The district is entirely located within Nevada's 4th congressional district, and overlaps with the 1st and 17th districts of the Nevada Assembly. It has a surface area of 48.5 sqmi and a perimeter of 33 miles.

According to the 2010 Census, the district had a population of 128,861 – 0.2% below the ideal – which has since increased. Compared to other districts in the Senate, District 1 has the third smallest solely white population and the largest population of African Americans. The district has a younger population than average with nearly 65% of the population below the age of 40. The median household income in the district is almost $10,000 above the Nevada average, while the poverty rate is 10.5%.

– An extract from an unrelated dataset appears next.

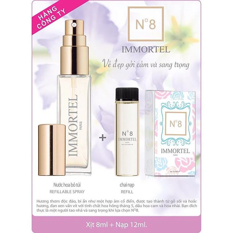 Nước Hoa IMMORTEL No8 (GỒM CHAI XỊT 8ML + CHAI NẠP 12)
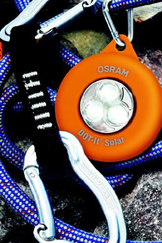 Zuwachs gibt es bei der Produktfamilie der Osram Modellreihe DOT-it, die DOT-it Solar. Um die drei LED des Umwelt schonenden Allroundtalents für bis zu viereinhalb Stunden zum Strahlen zu bringen, soll bereits indirektes Sonnenlicht genügen. Damit taugt das Gerät speziell für Frischluft-, Camping- und Wanderfans. Tagsüber hängt man das DOT-it Solar mit dem Karabinerhaken auf, lädt es mit Sonnenlicht aufladen und kann am Abend bei LED-Licht ein gutes Buch lesen.

==Recent election results==
Nevada Senators are elected to staggered four-year terms; since 2012 redistricting, the 1st district has held elections in presidential years.

===2024===

2024 Nevada State Senate election, District 1
| Party |  | Candidate | Votes | % |
|---|---|---|---|---|
|  | Democratic | Michelee Crawford | 40,066 | 58.97 |
|  | Republican | Patricia Brinkley | 27,880 | 41.03 |
| Total votes |  |  | 67,946 | 100 |
|  | Democratic hold |  |  |  |

===2020===

2020 Nevada State Senate election, District 1
| Party |  | Candidate | Votes | % |
|---|---|---|---|---|
|  | Democratic | Pat Spearman (incumbent) | 51,648 | 100 |
| Total votes |  |  | 51,648 | 100 |
|  | Democratic hold |  |  |  |

===2016===
In 2016, Spearman faced entrepreneur and political newcomer Arsen Ter-Petrosyan. Neither faced opponents in their respective primaries. Spearman won the election with over 65% of the vote.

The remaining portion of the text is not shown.